According to the above technical solution, the system for controlling microwave output is applied to a microwave heating device, and the system includes a plurality of magnetron modules connected in parallel, a controller connected to the plurality of magnetron modules, and a The plurality of magnetron modules and the power source supplied by the controller, after the controller receives the control instruction, find the output power of the plurality of magnetron modules corresponding to the control instruction, and use the output power Control the plurality of magnetron modules to output microwaves respectively. The embodiment of the present invention solves the problem that the prior art cannot control the output of two magnetrons with different firepower, realizes different microwave outputs of multiple magnetrons, and optimizes the cooking effect through different microwave distributions.

Other features and advantages of the embodiments of the present invention will be described in detail in the following detailed implementation sections.

BRIEF DESCRIPTION OF THE DRAWINGS

The drawings are used to provide a further understanding of the embodiments of the present invention, and constitute a part of the description. Together with the following specific implementations, the drawings are used to explain the embodiments of the present invention, but not to limit the embodiments of the present invention. In the drawings:

FIG. 1 is a schematic structural diagram of a system for controlling microwave output according to an embodiment of the present invention; FIG.

2 is a schematic structural diagram of another system for controlling microwave output according to an embodiment of the present invention;

3 is a schematic structural diagram of another system for controlling microwave output according to an embodiment of the present invention;

4 is a schematic structural diagram of still another system for controlling microwave output according to an embodiment of the present invention;

5 is a schematic structural diagram of still another system for controlling microwave output according to an embodiment of the present invention;

6 is a schematic structural diagram of still another system for controlling microwave output according to an embodiment of the present invention;

7 is a schematic structural diagram of another system for controlling a microwave output according to an embodiment of the present invention;

8 is a schematic structural diagram of another system for controlling microwave output according to an embodiment of the present invention;

9 is a schematic circuit diagram of a system for controlling microwave output according to an embodiment of the present invention;

FIG. 10 is a schematic flowchart of a method for controlling microwave output according to an embodiment of the present invention.

detailed description

The specific implementations of the embodiments of the present invention will be described in detail below with reference to the drawings. It should be understood that the specific implementation manners described herein are only used to illustrate and explain the embodiments of the present invention, and are not intended to limit the embodiments of the present invention.
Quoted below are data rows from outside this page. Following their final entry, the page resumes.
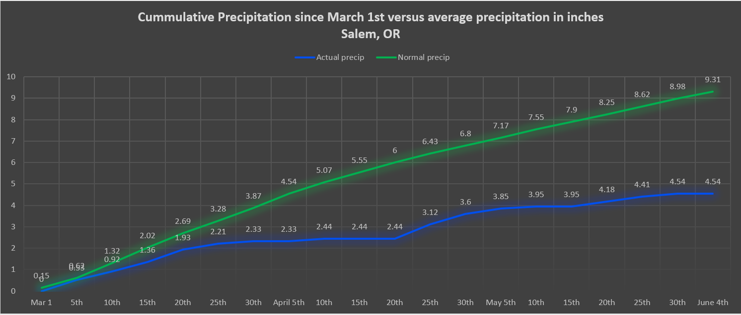 Basically if this materializes everyone here in the valley should pick up at least an inch of rain over the next 8 days with more in the mountains and along the coast. Even central and eastern Oregon should get in on the action with rain expected over there as well. This is really good news for our drought conditions, and we need it! Below is an up to date version of the map I shared a few days ago. It shows total rainfall in inches here in Salem since March 1st versus the total we should be at.
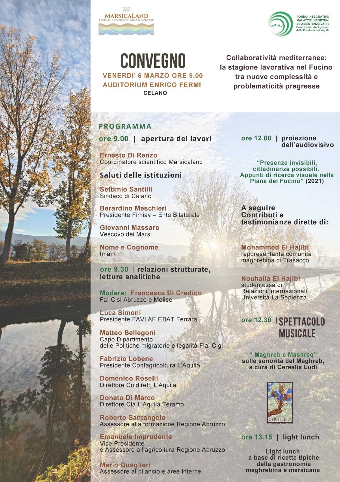 Celano. Venerdì 6 marzo 2026, a partire dalle ore 9, a Celano Auditorium Enrico Fermi ospiterà il convegno “Collaboratività mediterranee. La stagione lavorativa nel Fucino tra nuove complessità e problematicità pregresse”, promosso da FIMIAV – Ente Bilaterale agricolo della provincia dell’Aquila e MARSICALAND – Festival diffuso dell’agroalimentare.
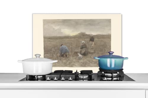 Credence Récolteuses de pommes de terre - Peinture d'Anton Mauve Fond de hotte 80x55 cm Credence aluminium Plaque inox de cuisine
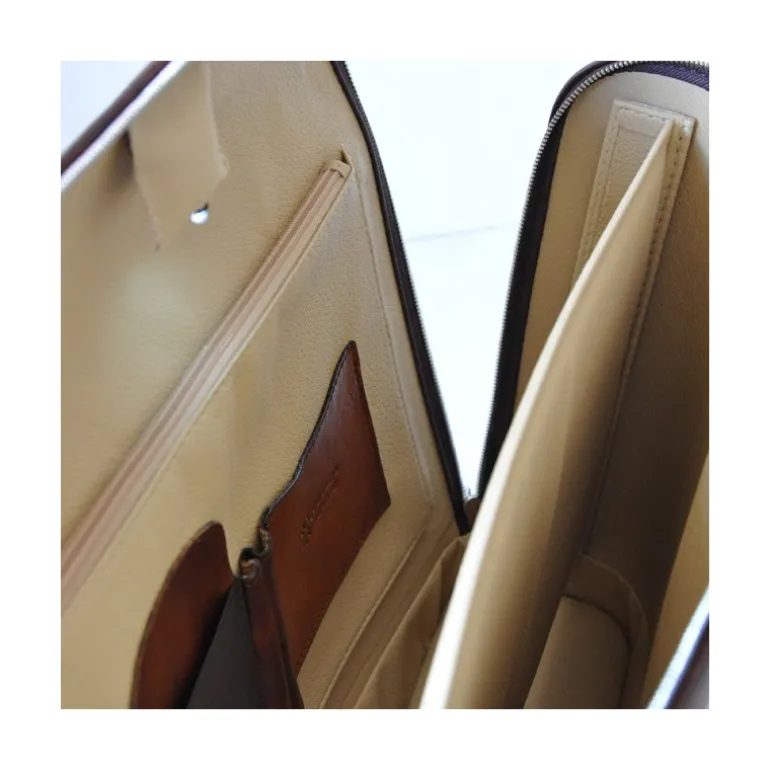 Elegancka skórzana aktówka na laptopa została wykonana ze skóry szlachetnej garbowanej roślinnie i farbowanej ręcznie. Teczka posiada specyficzne zamknięcie na zamek, które umożliwia dwa sposoby jej otwarcia. Częściowe otwarcie zamku przekształca teczkę w aktówkę, natomiast całkowite w walizkę typu 24H. Dodatkowo kieszeń na zamek, kieszonka na telefon komórkowy, szlufki na długopisy i kieszonka na wizytówki. Teczka jest zamykana na kłódkę na klucz, wewnątrz sympatyczne światło, które gaśnie automatycznie po 30 sekundach. W wyposażeniu wygodny odpinany pasek, zewnętrzna kieszeń oraz bawełniany worek.
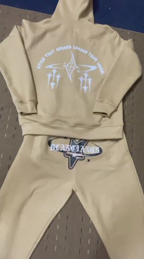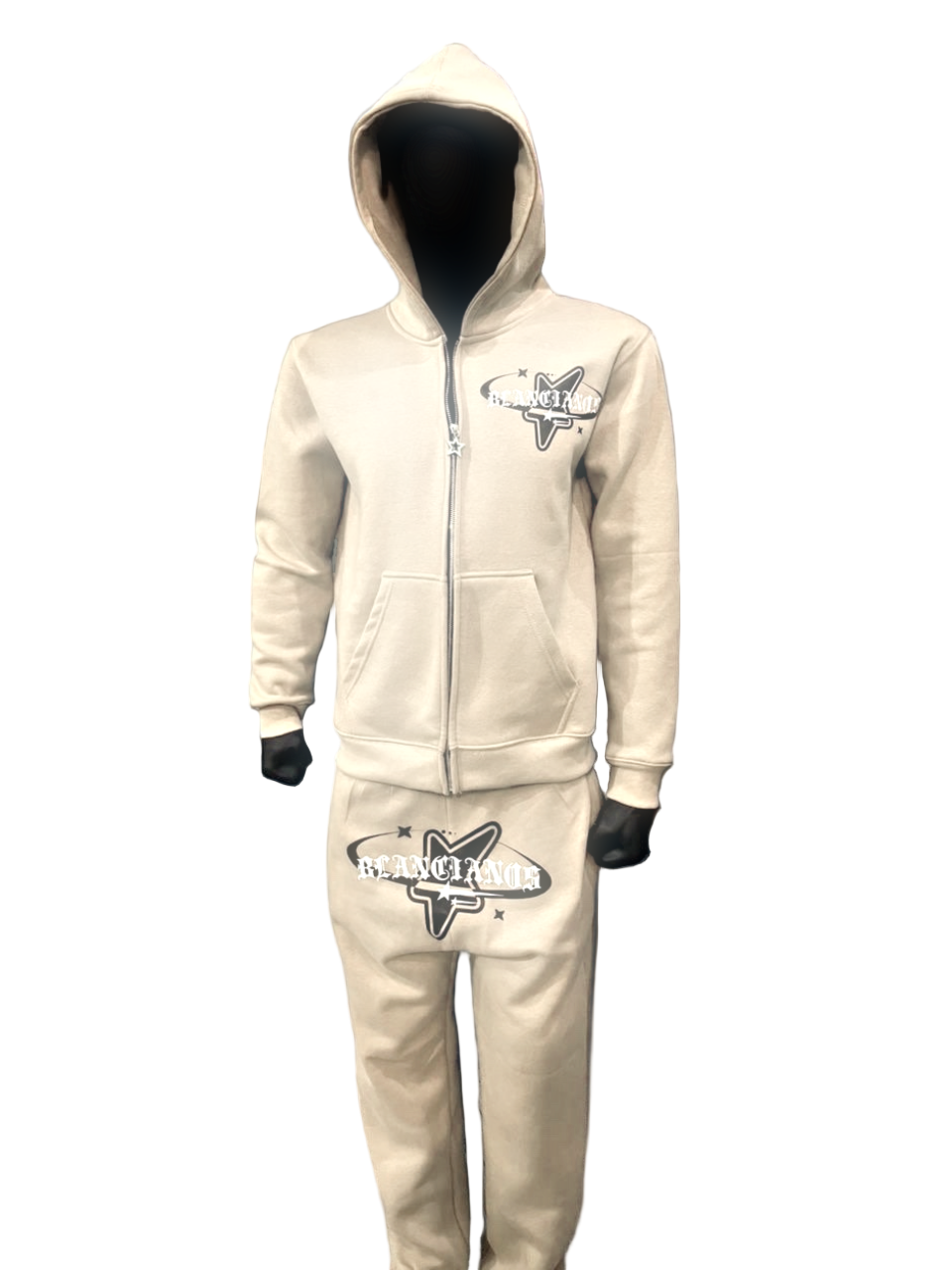 Retro 01’ is built to bring back the early-2000s attitude with a modern edge. The full set features a heavyweight zip-up hoodie and matching sweatpants, finished with bold chrome graphics and the signature Blancianos star print. The fit is relaxed, comfortable, and made to stand out without trying too hard.
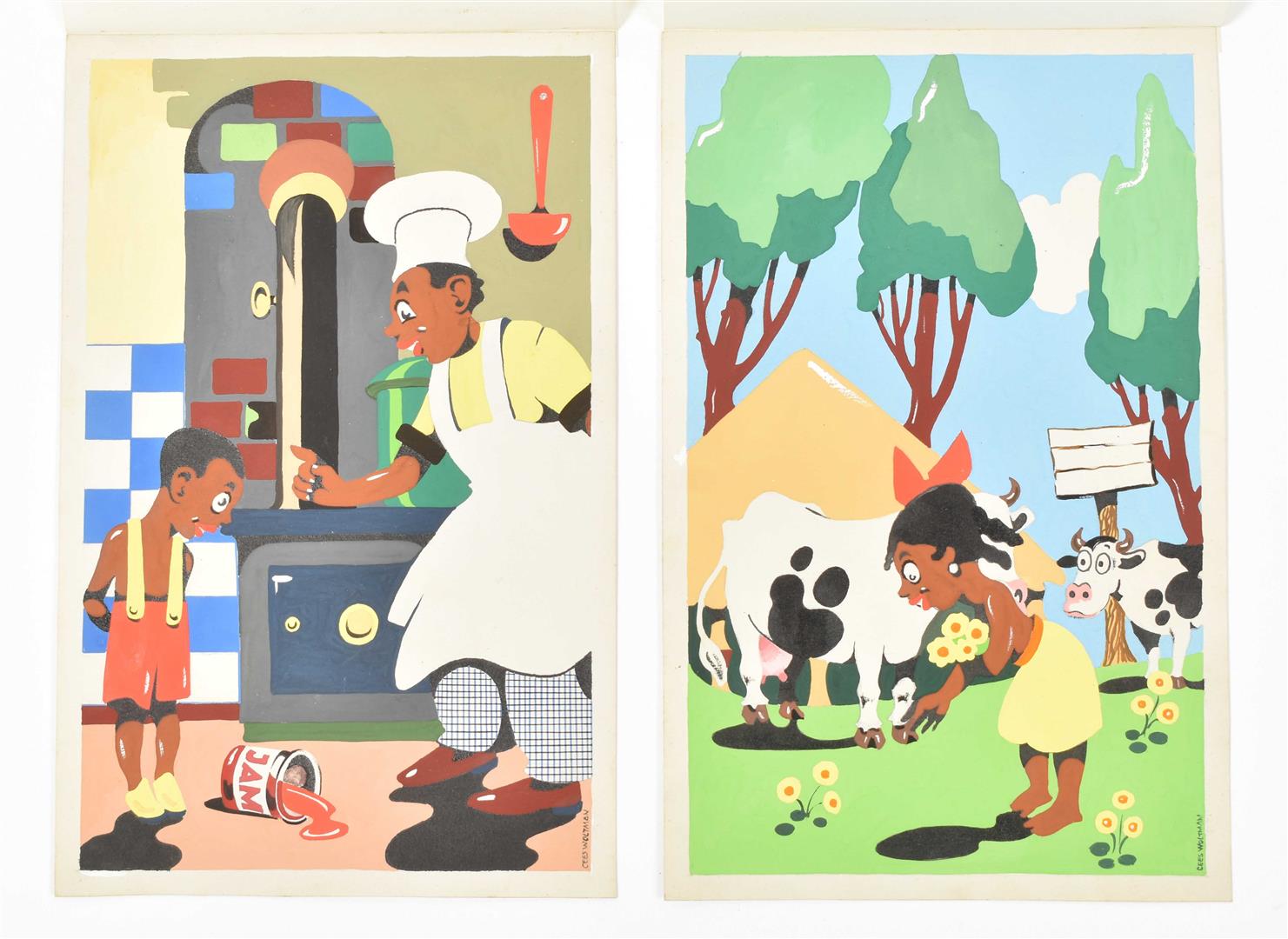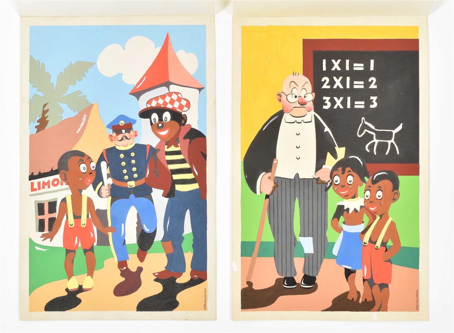 possibly for a children's book (never published?). Each painted on 21 x 14 cm piece of paper w. tissue/ paper guard, all signed "Cees Woltman" on lower right corner of the image. All depicting dated representations of black people.
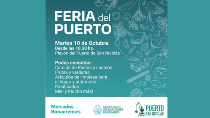 Este martes 10 octubre a partir de las 10hs (hasta agotar stock) se llevará a cabo la “Feria del Puerto”, en el Puerto de San Nicolás. La actividad se desarrollará en el playón de estacionamiento, Avda. Román Subiza y Bogado.
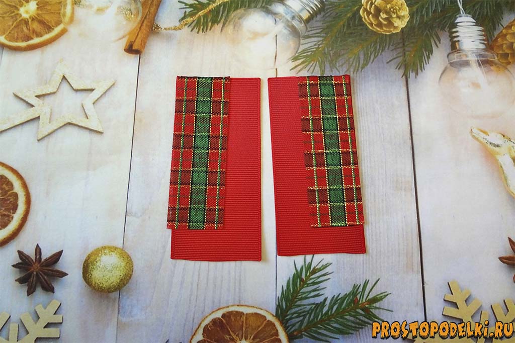 Тесемки нарезаются полосами длиной 20 см. В итоге должно получиться две детали одного цвета и столько же другого.

FIG. 1 is a schematic structural diagram of a system for controlling microwave output according to an embodiment of the present invention. As shown in FIG. 1, the system is applied to a microwave heating device, and the system includes a plurality of magnetron modules 11 connected in parallel, a controller 12 connected to the plurality of magnetron modules, and a plurality of A magnetron module 11 and a power source 13 powered by the controller 12, wherein the magnetron module 11 is used to output microwaves; the controller 12 is used to receive a control instruction and find a corresponding one of the control instructions The output powers of the plurality of magnetron modules are respectively used to control the plurality of magnetron modules to output microwaves.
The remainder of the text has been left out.